Jan. 10th, 2017

bloodygranuaile: (oh noes)
Sometime around the publication of Harry Potter and the Order of the Phoenix, my constant rereading habits started to drop off. I’ve probably only read this one five times or so? Maybe ten at the outside. At any rate, it’s not one of the ones where I’ve got all the words engraved deep in my memories. But I did remember the most important bits.

This is another one that’s often derided as being a little bit not as masterful as the others, mainly because Harry is annoying as crap throughout it. Everyone in this book is fifteen and has a bad attitude, and the publishers apparently made Rowling squish a bunch of romance into it that you can tell she doesn’t care that much about.

On the other hand, though, Order of the Phoenix does a bang-up job exploring issues of how fascism establishes itself in public institutions. We see the use of denial, of a compromised press, of scapegoating, of the use of crisis as a pretext for tightening government control, of the wrecking of checks and balances of power, and of the difficulties of dealing with people who are mendaciously, stone-cold indifferent to truth.
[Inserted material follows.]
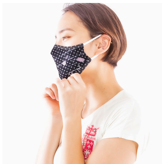
SPRAY Printed MASK

Although Voldemort returned at the end of Goblet of Fire, he’s really not the main antagonist throughout most of this book. Instead, our main villain is petty, power-mad bureaucrat Dolores Umbridge. This is because the wizarding world has split into three factions: pro-Voldemort, anti-Voldemort, and then the Minstry’s official position, which is that it definitely would be anti-Voldemort if Voldemort were around, but it simply cannot accept that it is so, and its ire is focused predominantly on those who insist upon being all disruptive by saying he is. It is traditional in children’s literature to throw in a character or two to add a minor note of Moral Complexity to the good and evil binary by having someone who is more cowardly or maladaptive than malicious, such as Gollum from Lord of the Rings. In this book, it is that cowardly, head-in-the-sand faction that bears the full brunt of the author’s ire. The cowardly faction actually has two factions within it: the people who will turn out to be anti-Voldemort once they can’t avoid accepting that he’s back, and the people who will happily collaborate knowingly with the Death Eater’s regime once it moves into the open. But for the purpose of this book, they are one faction, and it is as yet unknown who will go which way when the truth comes out.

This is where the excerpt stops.